In this situation, there are many researchers that are interested in the relation between the depth of neural networks and good performance. In order to show the advantage of deepening neural networks, the followings should be distinguished.

  1. 1.

    the expressivity of deep neural networks as functions which express the relation between explanatory variables and objective variables.

  2. 2.

    the efficiency of learning by the gradient method.

The prediction accuracy after learning is dependent on both the expressivity and the efficiency of learning. Unless deep neural networks have enough expressivity, they cannot have good performance even though learning is successful.

Therefore, there have been some researches that evaluate deep neural networks with distinguishing between the expressivity and the efficiency of learning e.g., [5, 6]. Some of the researches assume that data is scattered around the target function and investigate the approximation accuracy when approximating the target function by deep neural networks. They discuss the distance between deep neural networks and the target function. Then they regard that the shorter that distance is, the more expressivity the deep neural networks have. For example, some studies consider how many layers and units are necessary for the distance between deep neural networks and the target function to be less than ϵ\epsilon, for any ϵ>0\epsilon>0 and any target function e.g., [7, 8]. Besides, other studies consider how the lower limit of the distance between deep neural networks and the target function is described for the depth and the number of units e.g., [9, 10].
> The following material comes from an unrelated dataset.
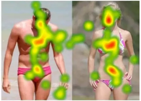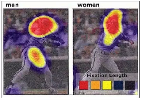 女人會關(guān)注人體臉部和軀干(左圖)。男人會更多關(guān)注旁邊的雜物(右圖)。

On the other hand, there are other kinds of researches that evaluate deep neural networks with distinguishing between the expressivity and the efficiency of learning. Those researches investigate the property of linear regions of functions by computable by deep neural networks. Since deep neural networks whose activation functions are piecewise linear are also piecewise linear, investigating the property of linear regions is a good way to know the shape of the lines drawn by those deep neural networks. For example, some studies count the number of linear regions of deep neural networks [11, 12, 13]. They regard that the larger the number of linear regions of deep neural networks is, the more expressivity the deep neural networks have. Besides, other studies calculate the volume of the boundary between two linear regions of deep neural networks [14]. They regard that the larger the volume of the boundary between two linear regions of deep neural networks is, the more expressivity the deep neural networks have.
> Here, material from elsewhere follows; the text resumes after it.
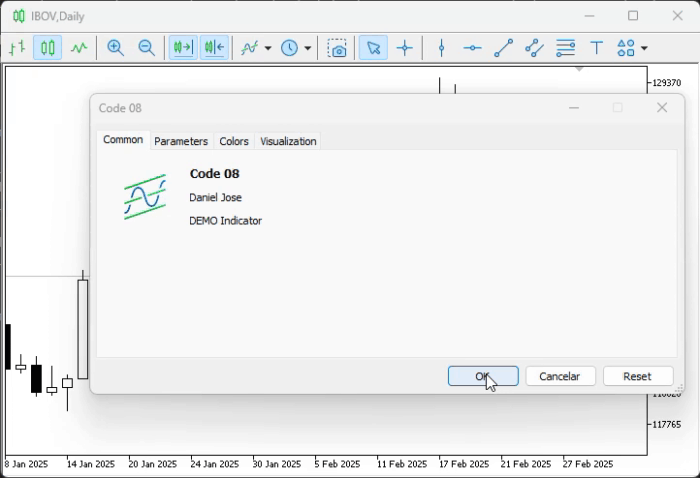 A parte complicada é entender que nem sempre você conseguirá fazer as coisas sem que antes entenda certos mecanismos e conceitos adotados no MetaTrader 5. Um destes conceitos foi explicado anteriormente e trata justamente do fato de que NÃO PODEMOS adicionar duas instâncias de um mesmo indicador em um mesmo gráfico. Isto é fato, e algo garantido pelos mecanismos internos presentes no MetaTrader 5. Porém, se algum argumento ou parâmetro de entrada do indicador for alterado, poderemos adicionar uma segunda instância no mesmo gráfico. Já que neste caso o MetaTrader 5 interpretará esta segunda, ou nova instância, na verdade não está ainda presente no gráfico.

In this paper, we propose two criteria to evaluate the expressivity of deep neural networks independently from the efficiency of learning, similar to the above studies. The first criterion evaluates the approximation accuracy of deep neural networks to the target function. It shows the ratio of the values of the parameters which make the distance between deep neural networks and the target function short. We regard that the larger the ratio is, the more expressivity deep neural networks have. The novelty of this criterion is that we can figure out the volume of parameter values which give functions close to the target function. The proposed criterion shows not only the existence of the appropriate parameter values but also how many the appropriate parameter values exist.

The second criterion evaluates the property of linear regions of functions computable by deep neural networks whose activation functions are piecewise linear. It shows the size of the maximal linear region of deep neural networks. We regard that the smaller the size of the maximal linear region is, the more expressivity the deep neural networks have. The novelty of this criterion is figuring out how fine linear regions the area which is the least flexible has. The proposed criterion shows whether linear regions are scattered finely and uniformly or not.

The above two criteria have a relation. The small size of the maximal linear region of deep neural networks is a requirement for the good approximation to the target function if the target function is smooth. This requirement is understood by referring to Fig. 1. Unless the size of the maximal linear region of deep neural networks is small, there is a gap between the deep neural networks and the target function no matter how close the deep neural networks and the target function.

Refer to caption


Figure 1: The relation between the size of the maximal linear regions of deep neural networks and the approximation to the target function by deep neural networks. If the size of the maximal linear region of deep neural networks is large, a gap inevitably occurs between deep neural networks and the target function, as the left figure. On the other hand, if the size of the maximal linear region of deep neural networks is small, there is a possibility that the target function is approximated by deep neural networks, as the right figure.

Moreover, by the two criteria, we show that to increase layers is more effective than to increase units at each layer on improving the expressivity of neural networks. We adopt theoretical proofs and computer simulations to show it.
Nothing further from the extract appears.